TALLAHASSEE, Fla. - Enforcement of the state's environmental laws has plummeted under Gov. Rick Scott and the private company attorney he picked to lead the Department of Environmental Protection, according to a report to be released Thursday by a group that represents government workers who work in environmental regulation.
The Public Employees for Environmental Responsibility report says that since Scott took office and Secretary Herschel Vinyard took over DEP in 2011, enforcement has dropped by just about every measure. For example, DEP opened 1,587 cases in 2010 and 663 last year. Similar drops were shown in consent orders, which dropped from 1,249 in 2010 to 482 last year, as well as penalties assessed and fines collected.
The report said the department essentially has become nonfunctional under Vinyard, who worked for a shipyard before Scott appointed him secretary.
"This is nothing more than that department taking a blind eye, looking the other way when these facilities pollute," said Jerry Phillips, director of Florida PEER. "The message is out to the employees that they should not be aggressive in this area. We talk to these employees, we hear from them and I haven't heard from a single employee that enforcement is better now under Herschel Vinyard. It's just the opposite."
DEP said it is taking its responsibility seriously and said the drop in cases is because of a focus on prevention.

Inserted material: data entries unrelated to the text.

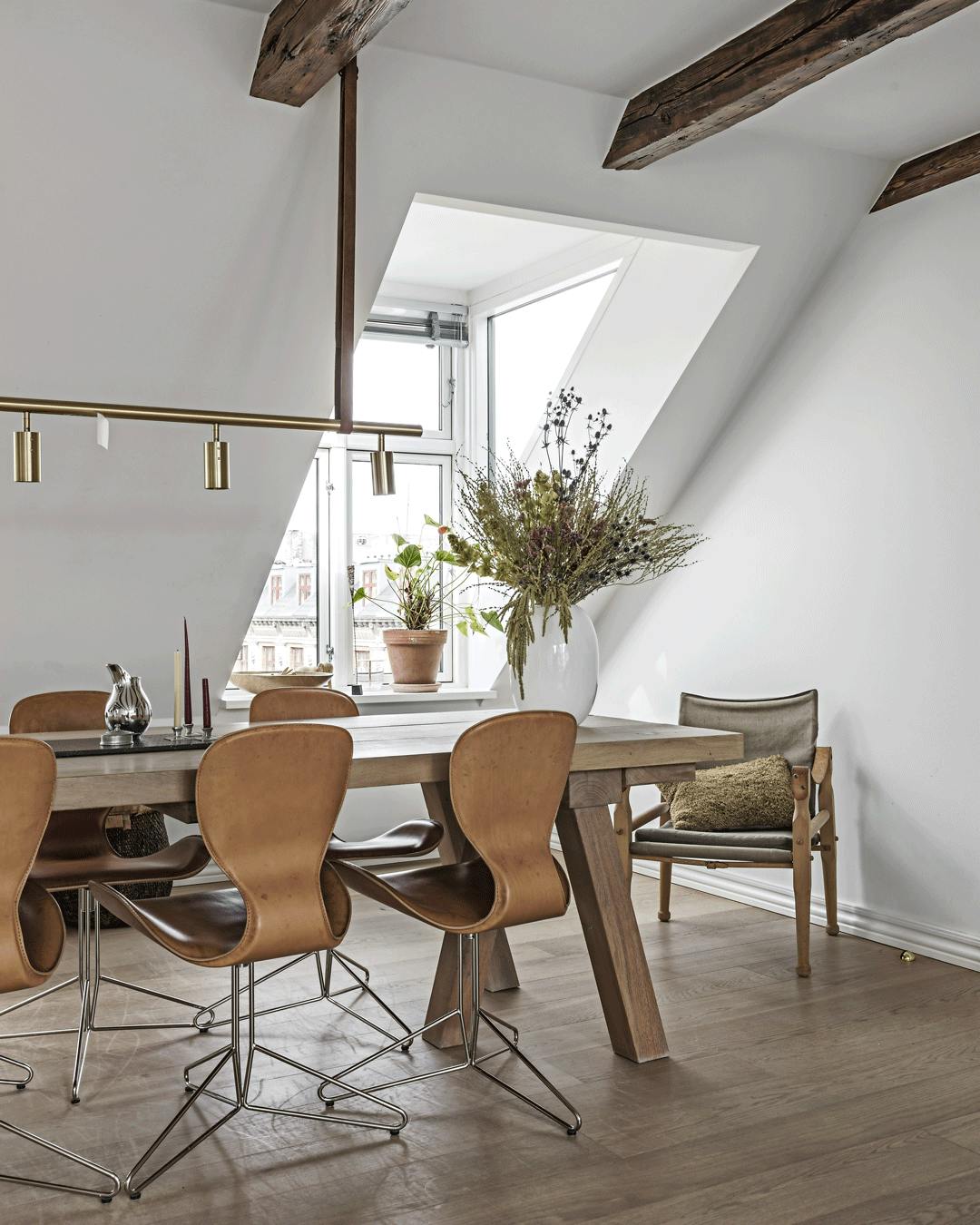 Bland træ og læder med stål og messing, hvis du vil give de varme naturmaterialer et køligt og elegant modspil. Plankebordet er fra St-Paul Home og købt i Casa Shop. Spisebordsstolene i læder er Koi K2 fra engelske Koi, og lampen over spisebordet er en Long John designet af Niclas Hoflin for Rubn.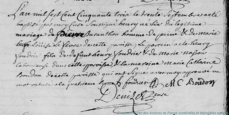 DB - BARANTON Denis (° 9/01/1711 à Vierville - 28, + 1736)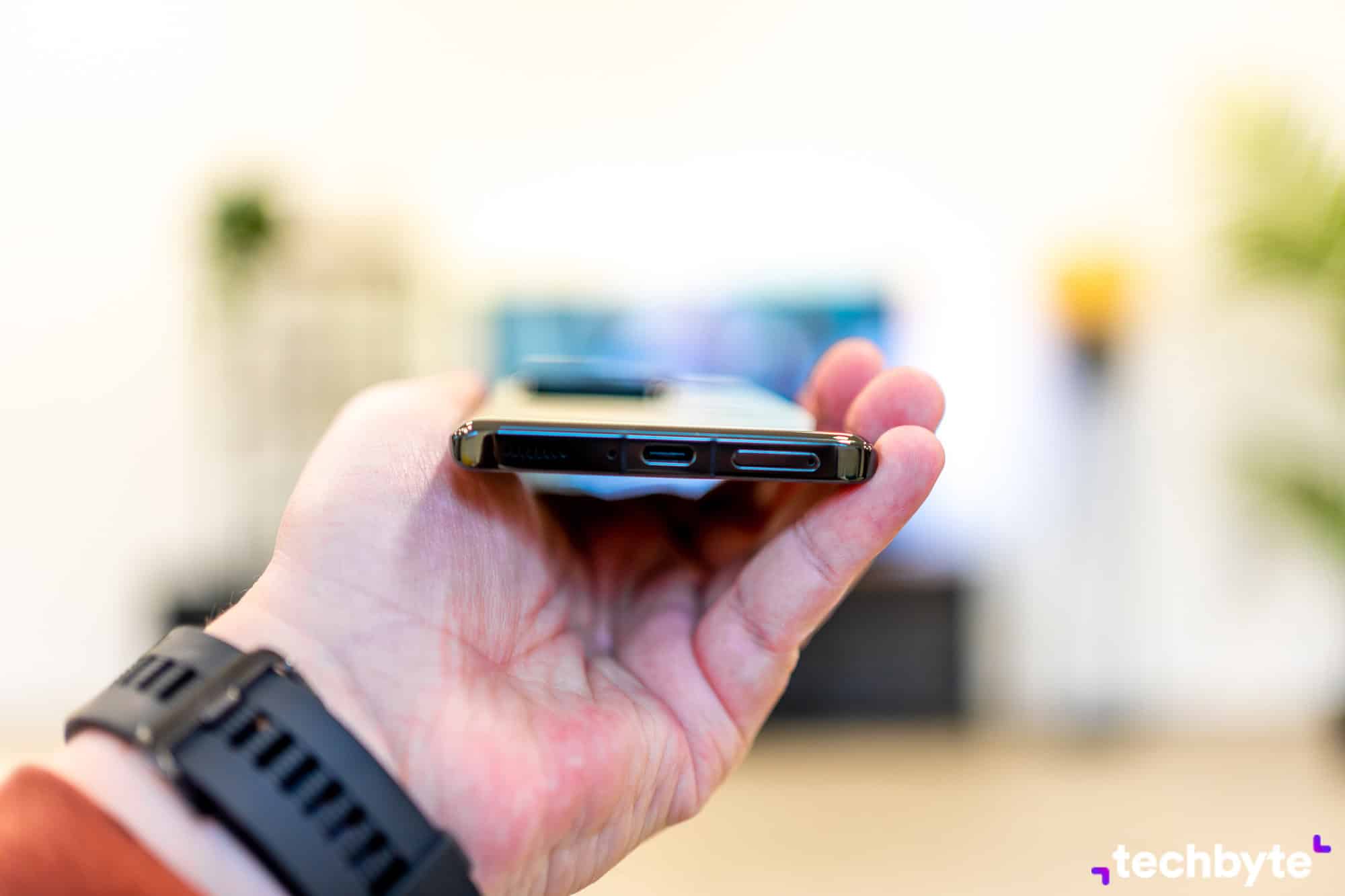 Prednej strane dominuje krásny OLED panel, ktorý je vo vrchnej časti prerušený kruhovým výrezom pre selfie fotoaparát. Spomeniem ešte označenie Leica na fotomodule, pod ktorým nájdete názov použitej technológie – Vario-Summicron 1:1.9-2.2/14-75 ASPH.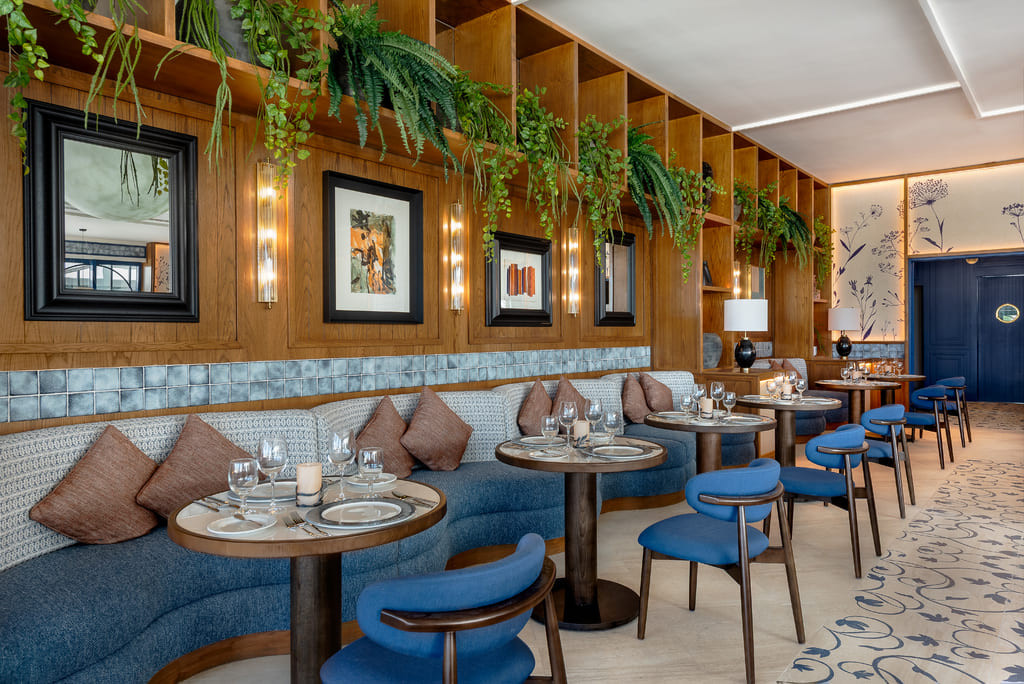 The lobby, designed in collaboration with the Lázaro Rosa-Violán studio, features two large-format female busts and large windows that allow natural light to enter and offer direct views of the gardens, swimming pools and the sea. The reception, with a mural representing a marine scene, is also located in this area.

"Through outreach efforts such as compliance training events, site visits and structured meetings, we are preventing environmental violations from ever occurring," DEP spokeswoman Reena O'Brien said. "By working to increase compliance through assistance efforts, we are helping to prevent violations that can damage our environment before they occur."
Phillips dismissed the explanation.
"If you are to believe that all of these facilities suddenly decided that with Rick Scott and Herschel Vinyard in that they were suddenly going to comply with their permits is laughable," he said. "They've been very open that they've been trying to basically kill enforcement and that's what they're achieving."

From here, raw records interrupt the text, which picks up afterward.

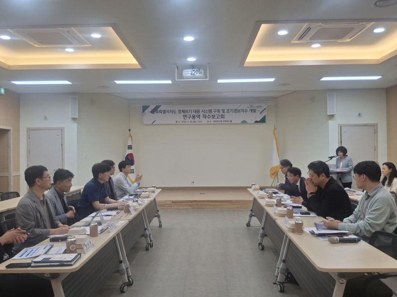 ÀüºÏµµ´Â 30ÀÏ ÀüºÏ¿¬±¸¿ø¿¡¼¡®°æÁ¦À§±â ´ëÀÀ½Ã½ºÅÛ ±¸Ãà ¹× Á¶±â°æº¸Áö¼ö °³¹ß ¿¬±¸¿ë¿ª Âø¼öº¸°íȸ¡¯¸¦ °³ÃÖÇß´Ù. À̹ø ¿¬±¸¿ë¿ªÀº ÀüºÏ¿¬±¸¿øÀÌ ¼öÇà±â°üÀ¸·Î Âü¿©ÇØ ³»³â 5¿ù±îÁö 8°³¿ù°£ ÁøÇàµÇ¸ç, Áö¿ª°æÁ¦ÀÇ À§±â ¡Èĸ¦ Á¶±â¿¡ Áø´ÜÇÏ°í ¼±Á¦ÀûÀ¸·Î ´ëÀÀÇϱâ À§ÇÑ ±â¹ÝÀ» ¸¶·ÃÇÏ´Â µ¥ ¸ñÀûÀÌ ÀÖ´Ù.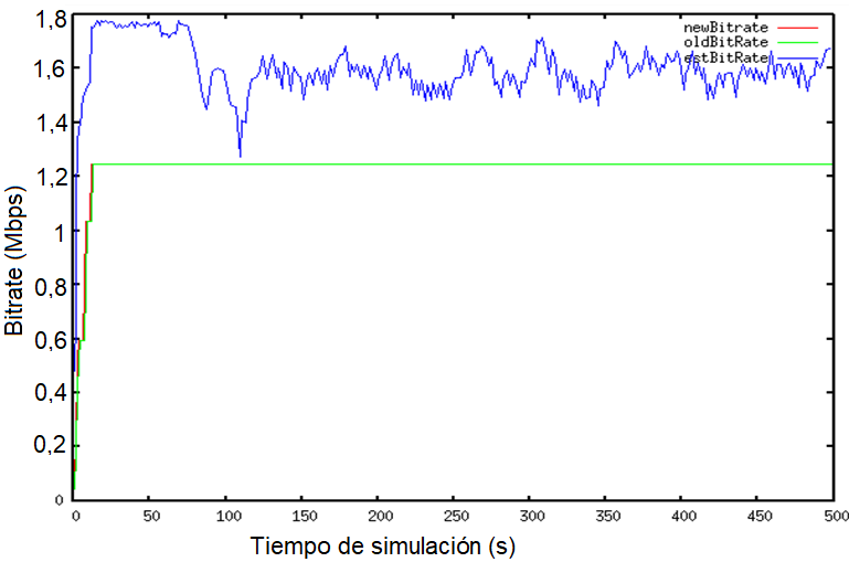 El tiempo de simulación es de 500 segundos que es suficiente para evaluar el comportamiento del servicio sobre el protocolo AAASH. En la Fig. 1 la curva denominada NewBitrate y OldBitrate representan la tasa de bits del usuario en dos instantes, según como trabaja el algoritmo AAASH. El rendimiento no corresponde a una resolución en particular, puesto que lo que hace el algoritmo es cambiar las resoluciones con tal de mantener precisamente el rendimiento el cual corresponde a la curva denominada estBitRate. Donde el rendimiento del segmento se calcula en el cliente y corresponde a un cociente entre un producto y una diferencia. El producto se obtiene multiplicando la tasa de bits del segmento por su tiempo de duración, mientras que la diferencia se obtiene, restando el tiempo en el que todo el segmento ha sido recibido por el cliente menos el tiempo en que el segmento inicia la descarga. Respecto al rendimiento se observa que el protocolo requiere 12 segundos para estabilizar la taza de bits en 1,21 Mbps.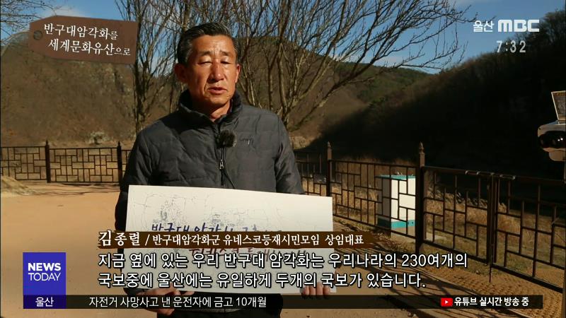 김종렬 / 반구대암각화군 유네스코등재시민모임 상임대표 지금 옆에 있는 우리 반구대 암각화는 우리나라의 230여개의 국보중에 울산에는 유일하게 두개의 국보가 있습니다.그게 바로 천전리암각화와 지금 옆에 있는 반구대암각화 285호입니다. 반구대암각화는 울산 시민의 자존심이라고 생각합니다.그래서 지금 이 암각화 ...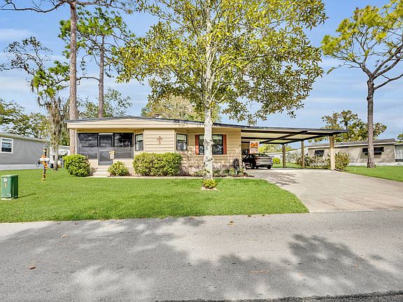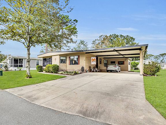 Enjoy resort-style living in this beautifully maintained manufactured home just under 3,000 sq. ft., perfectly situated across the golf course and only a short distance from the community recreation center. This home offers a generous dining area with built in storage, a large family room with a wet bar and fireplace. The kitchen features ample storage and counter space, perfect for entertaining or everyday living. The primary suite is spacious and private, with two walk-in closets, an ensuite with garden tub, double vanity and walk-in shower, and a large flex space ideal for an office, workout room or hobby area. The additional bedroom is well-sized, offering flexibility for guests or multi-purpose use. Enjoy peaceful mornings or relaxing evenings on the back patio or the vinyl enclosed lanai overlooking the greens. Enjoy the recreation center amenities of billiards, yoga/pilates, library, cards areas, weight room, tennis, pickleball, golf and three pools. With its prime location, expansive layout, and inviting atmosphere, this property offers exceptional comfort and convenience in a desirable community setting.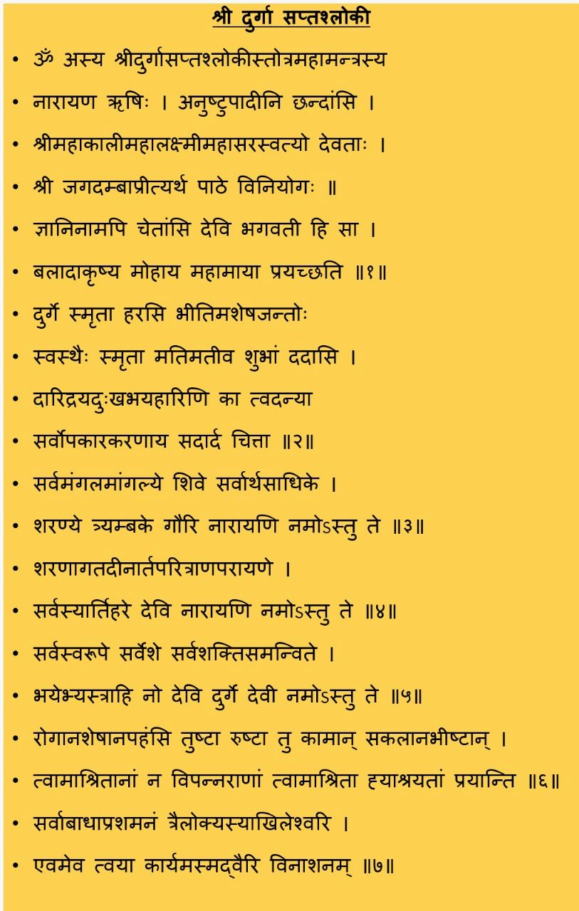 The Durga Saptashloki text describes the victory of Maa Durga over the 7 demons in seven different incarnations. Do it daily in Navratri.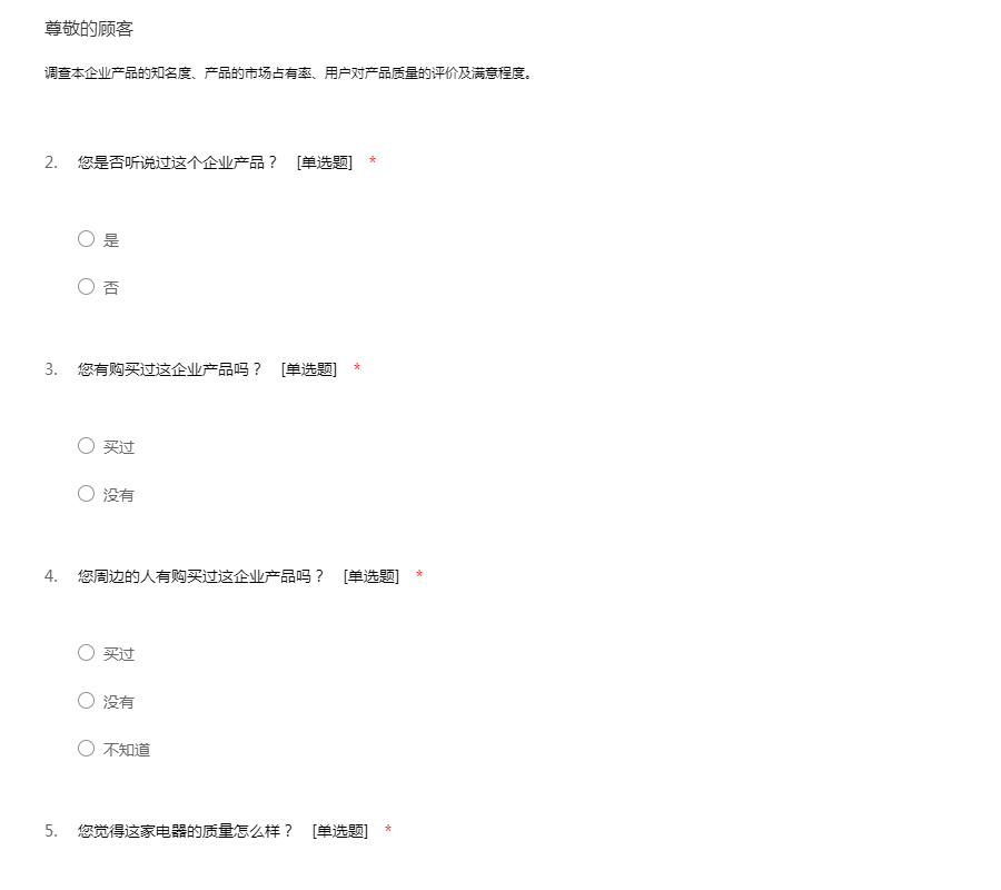 调查本企业产品的知名度、产品的市场占有率、用户对产品质量的评价及满意程度。

The report comes as Scott has increasingly been trying to position himself as strong on the environment as he seeks re-election. On Wednesday, Scott announced a $90 million commitment for an Everglades project and last week announced a $40 million commitment to a project to help treat nutrient-rich water pouring out of Lake Okeechobee into rivers to the south.
But Scott has also made it clear he wants to cut regulations and make Florida as business-friendly as he can, and when he appointed Vinyard, Scott said he has "a passion for job creation."
"Hypocritical is being very kind for the governor, and I think it's entirely because he's running for re-election," Phillips said. "He can't run from these numbers."